Seriously, the Areca is a great RAID controller.
 
I was just making sure, I have no idea how the chips on these controllers compare.

That's why I was so curious about the Adaptec. Dual core in a raid controller seems pretty sweet, but so far the majority say get an Areca.

Biggest thing is, I still have no idea which model.

There are so many different variants within a series.
 
You might actually want to consider the new LSI controllers that just came out. There should still be a thread about them on the first page of the storage subforum.
 
Has anyone ever seen benchmarks that show a real benefit of using a dedicated HBA over an onboard solution for RAID 0? Because I haven't, every test I've seen, performance is a wash.
 
Has anyone ever seen benchmarks that show a real benefit of using a dedicated HBA over an onboard solution for RAID 0? Because I haven't, every test I've seen, performance is a wash.
Synthetic benchmarks != desktop application performance. Also, the RAID controllers built into southbridges are garbage when it comes to array integrity. One slight glitch will trash your array in no time.
 
I'm not just talking about synthetic benchmarks, I'm also talking about actual application performance that involves heavy disk use (Photoshop, Premier Pro, ect). I've never seen any benchmarks that shot any difference at all for RAID 0.

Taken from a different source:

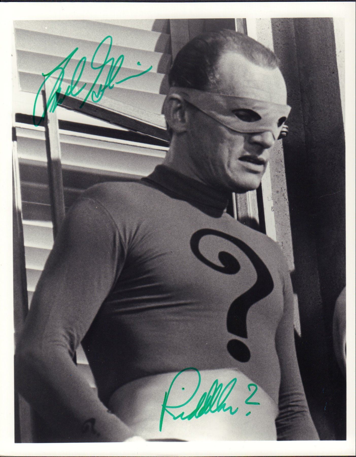 Black and white 8x10 photograph from the television series Batman signed by Frank Gorshin as The Riddler. All items come with a certificate of authenticity good for the life of the piece.

That, and can you back up your second claim? RAID 0 is exceedingly simply. I'm sure that an nVidia chipset could probably screw it up, but I've never heard of people having too many problems with intel's onboard setups. I've never heard of anyone having major issues with intel soutbridges and RAID 0.

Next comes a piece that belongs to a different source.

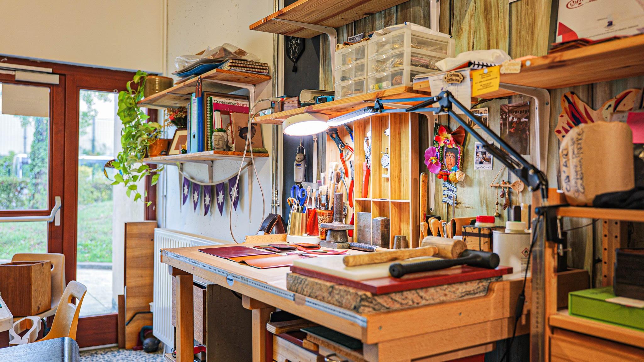 Passionnée par l’histoire de l’art, la passionnée crée des objets de maroquinerie à l’aide d’outils traditionnels de sellerie. Son atelier se trouve dans un lieu unique, un tiers-lieu où elle partage l’espace avec une joaillière et un restaurant, un véritable centre créatif.

I think buying an HBA for simple RAID 0 is a waste of money.
 
I'm not just talking about synthetic benchmarks, I'm also talking about actual application performance that involves heavy disk use (Photoshop, Premier Pro, ect). I've never seen any benchmarks that shot any difference at all for RAID 0.

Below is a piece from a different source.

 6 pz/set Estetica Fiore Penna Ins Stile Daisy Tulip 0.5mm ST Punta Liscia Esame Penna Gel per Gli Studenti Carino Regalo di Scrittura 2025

That, and can you back up your second claim? RAID 0 is exceedingly simply. I'm sure that an nVidia chipset could probably screw it up, but I've never heard of people having too many problems with intel's onboard setups. I've never heard of anyone having major issues with intel soutbridges and RAID 0.

I think buying an HBA for simple RAID 0 is a waste of money.
I have not been impressed with Southbridge built in RAID, even from Intel. I had a RAID-1 array on ICH9R that reported it needed verification, "fixed 60000 errors" - then trashed it all, had to run chkdsk to repair it. We had another RAID-1 array, on an nvidia 500 series southbridge, that had a Seagate drive fail, and trashed the other member of a RAID-1 array. It took over a week to recover a QuickBooks file from that disaster.

RAID-1 is simple, right? You write the same thing to identical drives, right?